Directions for this task: With all pictures excluded, restate the records that follow exactly as written.

::::::

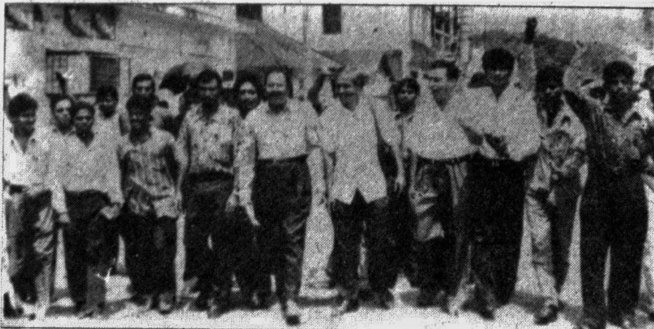
SYLHET: A procession was brought out in the town on Thursday demanding additional flights in Sylhet-Dhaka route for non-ballottee Haj pilgrims from Sylhet.
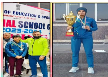
PROUD WINNER OF NATIONAL BOXING CHAMPIONSHIP (SGFI)
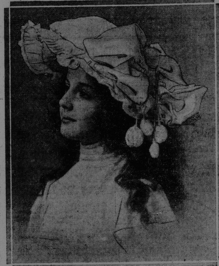
A MODEL FOR YOUNG GIRL.

Just the right hat for the little miss is quite as important a matter as it is for the maid and matron, and the thoughtful mother will carefully select her little daughter's chapeau. This hat is of pale blue satin, with a bunch of jaunty silk knots hanging from a corded cabochon on the right side. Next to the wearer's face are flutings of chiffon and above trimmings of lace.
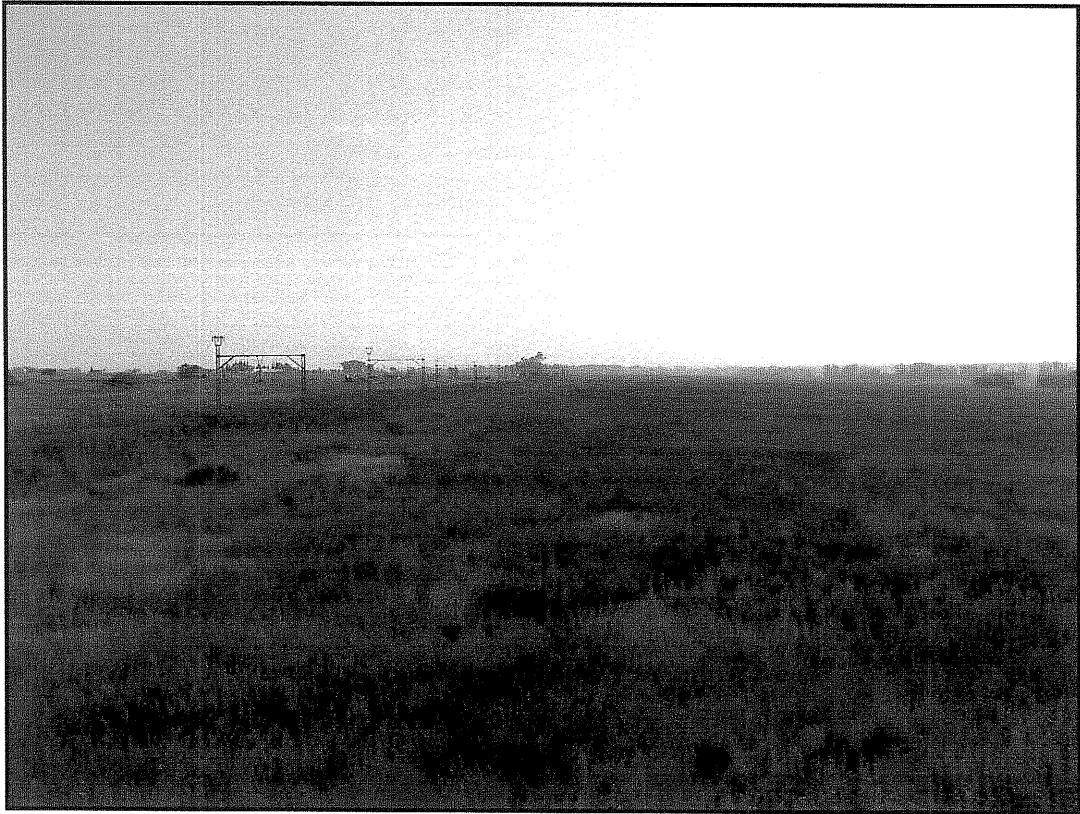
Fig. 3. Looking north at the route the pipeline would follow adjacent to the railway line.
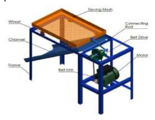
Figure 5: Sand sieving machine parts

Mechanical Design- The Figure 5 shows the sand sieving machine and its main parts. Where the machine was designed using Solid Work program [3]. The major purpose of the machine is to sieve the sand and make it free from impurities like grain and stones. The machine consists of a frame, wheels, channel, sieving mesh, connecting rod, belt drive, belt link, and motor. Where the frame used to support the body of the machine. The wheels are used as a support for the sieving mesh to move in the horizontal movement forward and backward [4]. While the channel uses allows the pure sand to flow in a specific place. The sieving mesh uses to filter the sand from impurities [5]. This mesh has different size holes, the use of each size comes as needed for the degree of purity of the sand from the impurities. As well as, the connecting rod used to move the sieving mesh after receiving the motion from the shaft. While the belt drive moved by the belt link after receiving the motion from the motor. Finally, the motor is responsible for the movement of the machine as a whole.

::::::

Exercise output:
SYLHET: A procession was brought out in the town on Thursday demanding additional flights in Sylhet-Dhaka route for non-ballottee Haj pilgrims from Sylhet.
PROUD WINNER OF NATIONAL BOXING CHAMPIONSHIP (SGFI)
A MODEL FOR YOUNG GIRL.

Just the right hat for the little miss is quite as important a matter as it is for the maid and matron, and the thoughtful mother will carefully select her little daughter's chapeau. This hat is of pale blue satin, with a bunch of jaunty silk knots hanging from a corded cabochon on the right side. Next to the wearer's face are flutings of chiffon and above trimmings of lace.
Fig. 3. Looking north at the route the pipeline would follow adjacent to the railway line.
Figure 5: Sand sieving machine parts

Mechanical Design- The Figure 5 shows the sand sieving machine and its main parts. Where the machine was designed using Solid Work program [3]. The major purpose of the machine is to sieve the sand and make it free from impurities like grain and stones. The machine consists of a frame, wheels, channel, sieving mesh, connecting rod, belt drive, belt link, and motor. Where the frame used to support the body of the machine. The wheels are used as a support for the sieving mesh to move in the horizontal movement forward and backward [4]. While the channel uses allows the pure sand to flow in a specific place. The sieving mesh uses to filter the sand from impurities [5]. This mesh has different size holes, the use of each size comes as needed for the degree of purity of the sand from the impurities. As well as, the connecting rod used to move the sieving mesh after receiving the motion from the shaft. While the belt drive moved by the belt link after receiving the motion from the motor. Finally, the motor is responsible for the movement of the machine as a whole.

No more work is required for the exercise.